Un Casanova plus séduisant que séducteur

«Rien de tout ce qui existe n'a jamais exercé sur moi un si fort pouvoir qu'une belle figure de femme.» Cette citation tirée des Mémoires de Casanova résume bien l'idée qu'on se fait de ce personnage connu pour son côté aventurier et ses nombreuses conquêtes féminines.

 

Giacomo Casanova (1725-1798), né à Venise de parents comédiens, n'était ni noble, ni beau, ni riche. Il a même été abbé tout en étant franc-maçon et a connu les geôles de la ville. Il était aussi joueur impénitent, avocat, escroc à ses heures, violoniste, diplomate ou agent secret et habile écrivain. Comment a-t-il gagné sa notoriété et en est-il venu à incarner le symbole de la séduction?

C'est ce que le philosophe Maxime Rovere tentera d'éclaircir dans une conférence consacrée à Casanova aux Belles Soirées de l'Université de Montréal.

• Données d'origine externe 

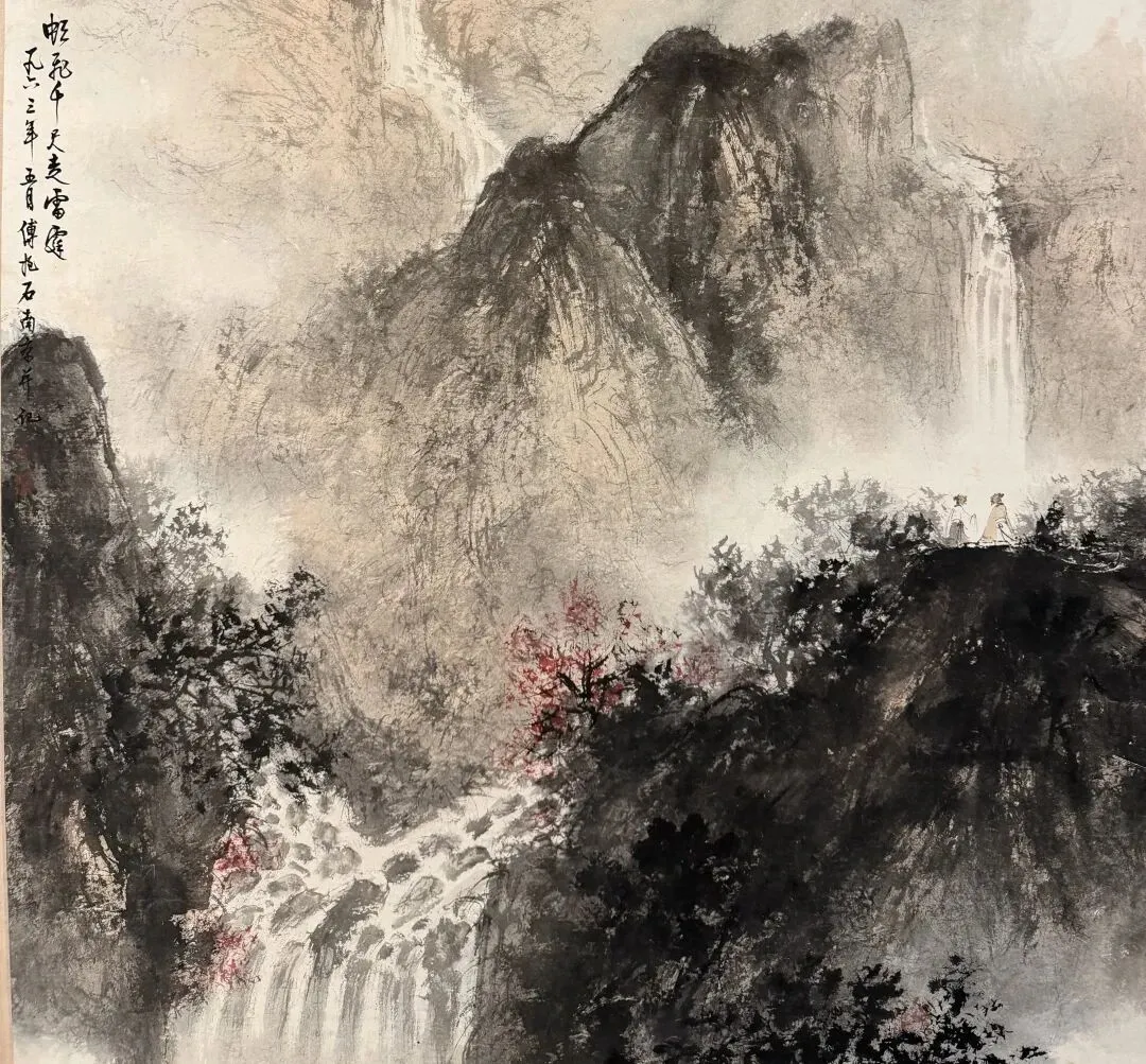 傅抱石这幅瀑布画,看完耳朵都嗡嗡响艺画

Auteur d'une biographie récente sur ce célèbre auteur (Casanova, parue chez Gallimard en 2011), les propos du conférencier renversent les idées reçues et réhabilite le personnage.

Un philosophe

«Pour aborder Casanova, il faut se garder d'appliquer à son histoire les catégories issues des deux siècles qui nous séparent de lui», peut-on lire au dos de la biographie que l'auteur a voulu différente de innombrables tableaux de séducteur. Maxime Rovere voit d'abord en Casanova un philosophe qui pratique ce que Spinoza a théorisé, c'est-à-dire la recherche du bonheur et de la liberté. C'est d'ailleurs en travaillant à la traduction de Spinoza, cité dans le principal ouvrage de Casanova, que M. Rovere a décelé des ressemblances entre les deux.

«Casanova est un homme qui a beaucoup lu, qui sait réfléchir, mais sa réflexion ne s'élabore pas comme une articulation entre des concepts; elle se fabrique au cœur des souvenirs lorsqu'il se penche sur sa vie. C'est une autre manière de réfléchir, une nouvelle façon de philosopher», confie-t-il à Forum.

L'image du Casanova séducteur qui multiplie les conquêtes semble surfaite et provenir de ses détracteurs au sein de l'aristocratie et du clergé. Dans Histoire de ma vie, qui demeure sa principale œuvre, il rapporte 122 aventures amoureuses, ce qui demeure en deçà de ce que tout aristocrate de l'époque pouvait revendiquer, sans parler des mœurs d'aujourd'hui...

«Casanova est devenu le héros des gens qu'il détestait: les mâles bourgeois avides de conquêtes amoureuses ont vu en lui un champion de la séduction, mais c'est absurde! déclare Maxime Rovere. L'originalité réelle de Casanova n'était pas dans le nombre de ses conquêtes, mais dans son affirmation et sa théorisation de l'égalité des hommes et des femmes sur le plan du désir.»

Casanova féministe

Selon le philosophe, le fait que Casanova a été un déclassé et un dominé dans la société aristocratique l'a rendu très sensible à l'oppression que vivaient les femmes de son époque. «Elles sont enfermées dans des couvents, cloitrées chez elles, surveillées ou vendues par leurs propres parents. Casanova adopte à leur endroit une position très différente de celle d'un mâle dominant. De ce point de vue, il est l'assassin de Don Juan, un aristocrate typique du 17e siècle qui détient tous les pouvoirs, se comporte comme un aigle impressionnant et dangereux, capable de séduire mais aussi d'abimer presque tout ce qu'il touche.»

Casanova précurseur du féminisme? Maxime Rovere n'hésiterait pas à l'affirmer. Selon l'analyse qu'il fait de son récit de vie, Casanova apparait davantage comme un perdant plutôt qu'un gagnant au jeu de la séduction. «Il n'est jamais si heureux que lorsqu'il traite avec une femme d'égal à égal et qu'elle démontre sans ambigüité qu'elle est libre d'agir. Le rapport amoureux est pour lui un levier qui permet de renverser le déséquilibre social entre les hommes et les femmes.»

C'est ce Casanova qui a proposé aux femmes un espace de reconnaissance de leur liberté qui intéresse le philosophe pour qui la célébrité est attribuable au plaisir que procure la lecture de son œuvre. «Il incarne l'une des formes les plus aimables de la séduction, ajoute-t-il. On le prend en compassion, il devient touchant et, une fois qu'on le fréquente, on devient son intime.»

Le Casanova de Maxime Rovere apparait ainsi plus séduisant que séducteur. Une conférence qui bouleversera sans doute l'image qu'on a du célèbre Vénitien.

Daniel Baril

Casanova: homme en devenir cherche femme libre, conférence de Maxime Rovere aux Belles Soirées le 22 octobre à 19 h 30.